- TASK DIRECTIONS
Should pictures appear among the records, leave them out, and copy exactly only the lines from the first through the one with "ساعت مچی ست", inclusive.

>>>>>

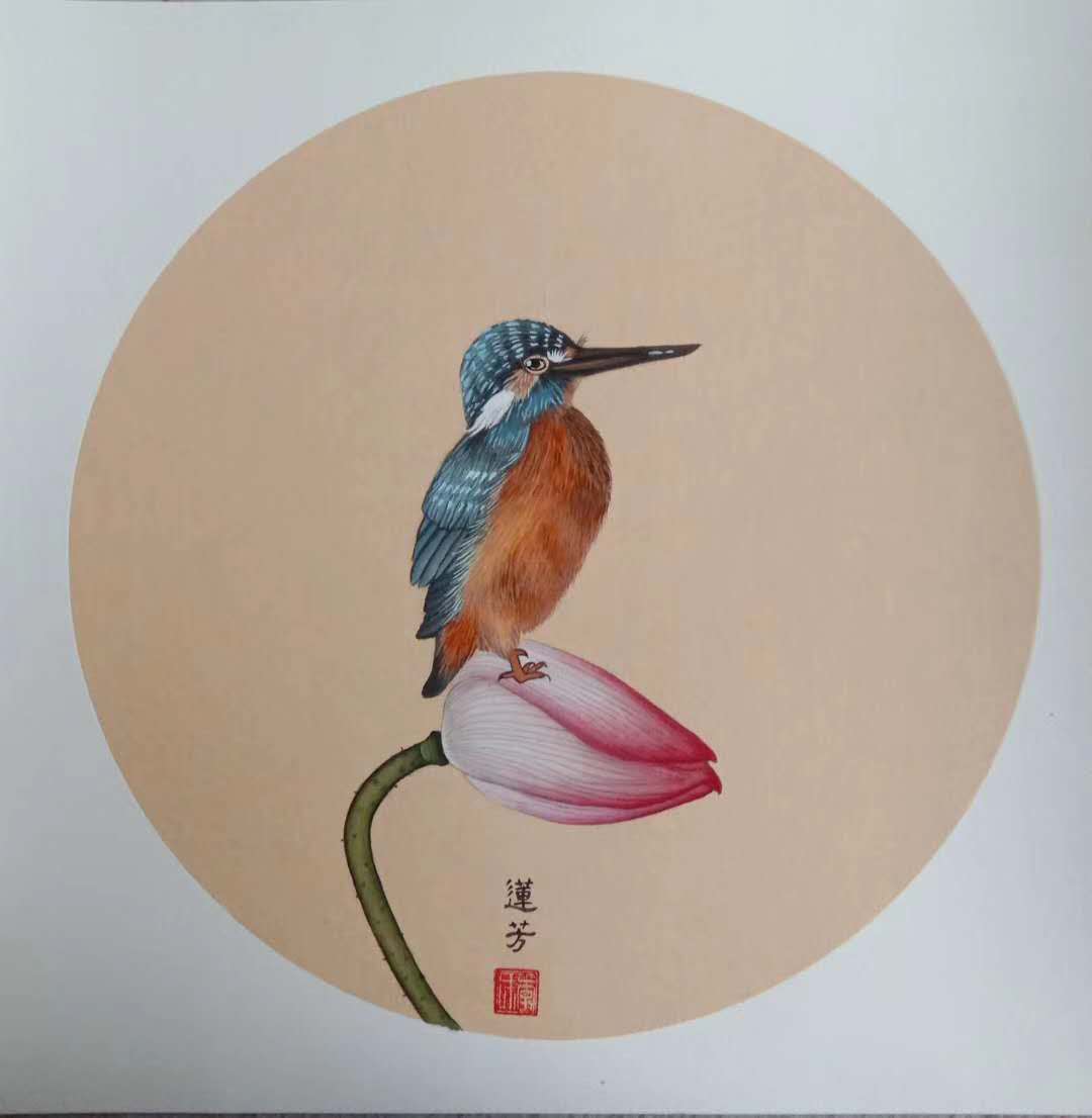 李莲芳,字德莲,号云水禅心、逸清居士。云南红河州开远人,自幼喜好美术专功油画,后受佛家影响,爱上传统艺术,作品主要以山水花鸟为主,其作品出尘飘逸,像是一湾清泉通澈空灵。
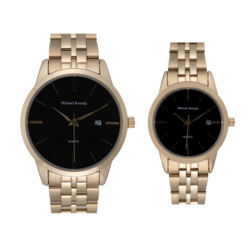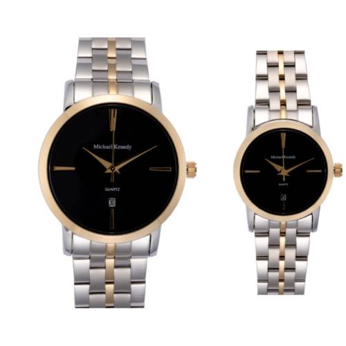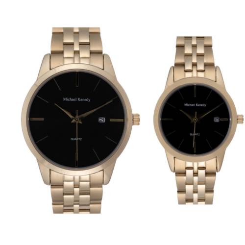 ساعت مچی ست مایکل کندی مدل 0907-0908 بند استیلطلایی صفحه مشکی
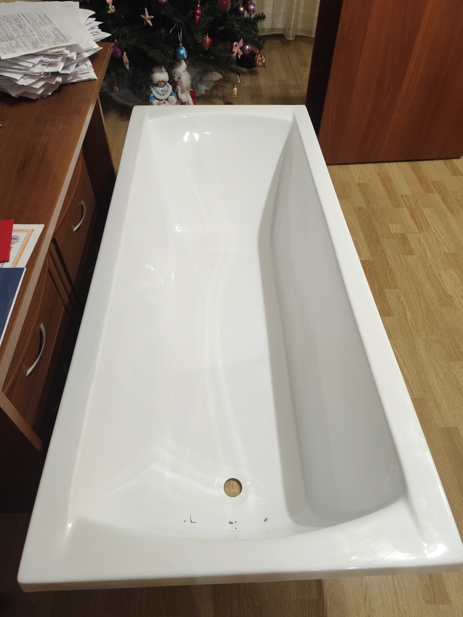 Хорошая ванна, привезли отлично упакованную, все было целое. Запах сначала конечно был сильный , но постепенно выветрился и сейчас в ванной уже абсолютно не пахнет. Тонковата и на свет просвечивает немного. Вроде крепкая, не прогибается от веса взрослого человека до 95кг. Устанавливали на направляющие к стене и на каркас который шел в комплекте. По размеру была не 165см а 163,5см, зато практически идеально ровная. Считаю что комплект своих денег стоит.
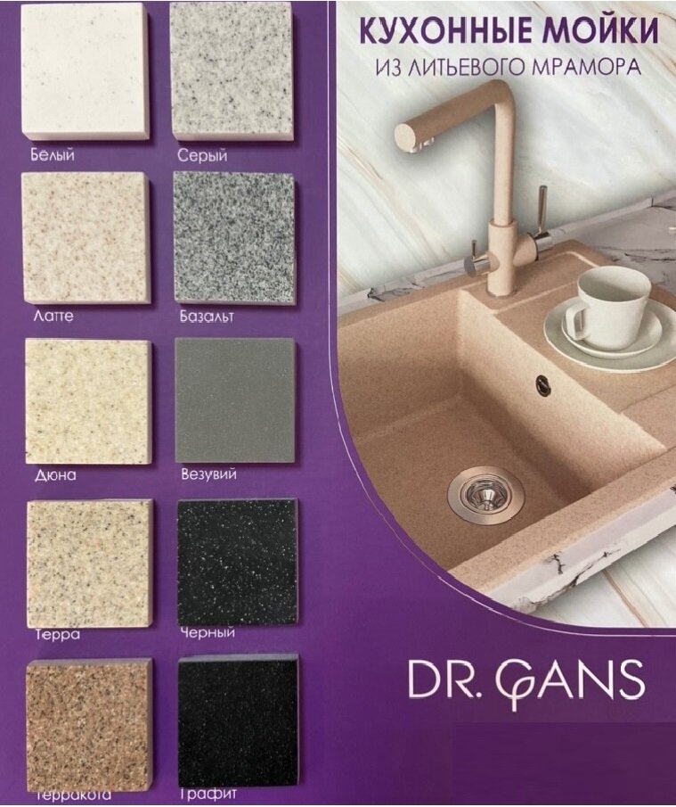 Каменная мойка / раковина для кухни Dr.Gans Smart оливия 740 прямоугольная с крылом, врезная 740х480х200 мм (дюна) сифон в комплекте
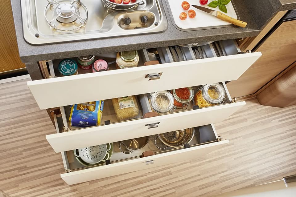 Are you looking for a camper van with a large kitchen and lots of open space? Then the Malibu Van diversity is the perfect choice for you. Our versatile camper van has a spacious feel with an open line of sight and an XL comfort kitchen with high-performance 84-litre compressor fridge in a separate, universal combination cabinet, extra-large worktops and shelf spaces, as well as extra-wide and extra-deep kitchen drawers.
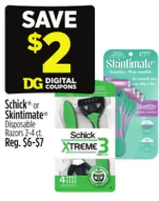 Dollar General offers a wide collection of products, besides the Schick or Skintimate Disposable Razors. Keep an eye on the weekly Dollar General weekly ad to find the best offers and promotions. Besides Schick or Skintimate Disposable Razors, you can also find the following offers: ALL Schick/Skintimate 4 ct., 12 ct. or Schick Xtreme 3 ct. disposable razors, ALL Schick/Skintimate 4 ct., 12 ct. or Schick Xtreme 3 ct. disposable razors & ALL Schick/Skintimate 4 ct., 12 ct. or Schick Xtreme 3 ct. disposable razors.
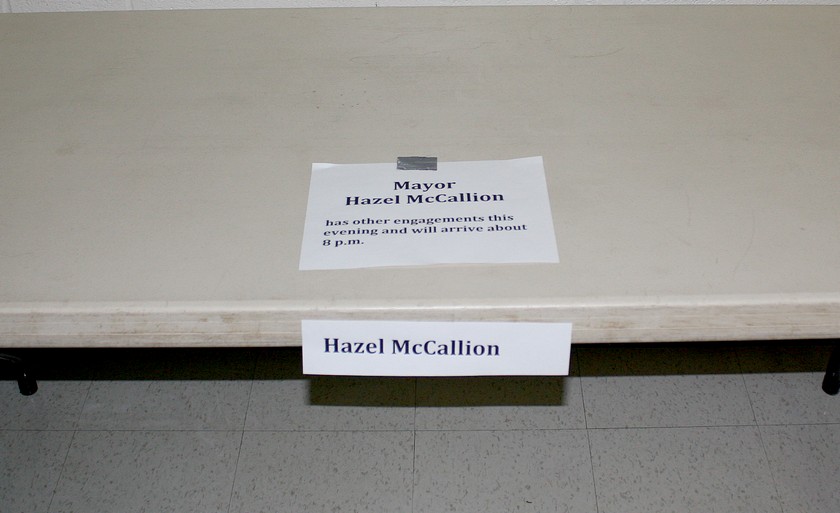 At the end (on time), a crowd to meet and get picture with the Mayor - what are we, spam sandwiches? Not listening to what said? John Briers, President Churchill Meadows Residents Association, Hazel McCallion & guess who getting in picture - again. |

<<<<<

- EXPECTED ANSWER
 李莲芳,字德莲,号云水禅心、逸清居士。云南红河州开远人,自幼喜好美术专功油画,后受佛家影响,爱上传统艺术,作品主要以山水花鸟为主,其作品出尘飘逸,像是一湾清泉通澈空灵。
 ساعت مچی ست مایکل کندی مدل 0907-0908 بند استیلطلایی صفحه مشکی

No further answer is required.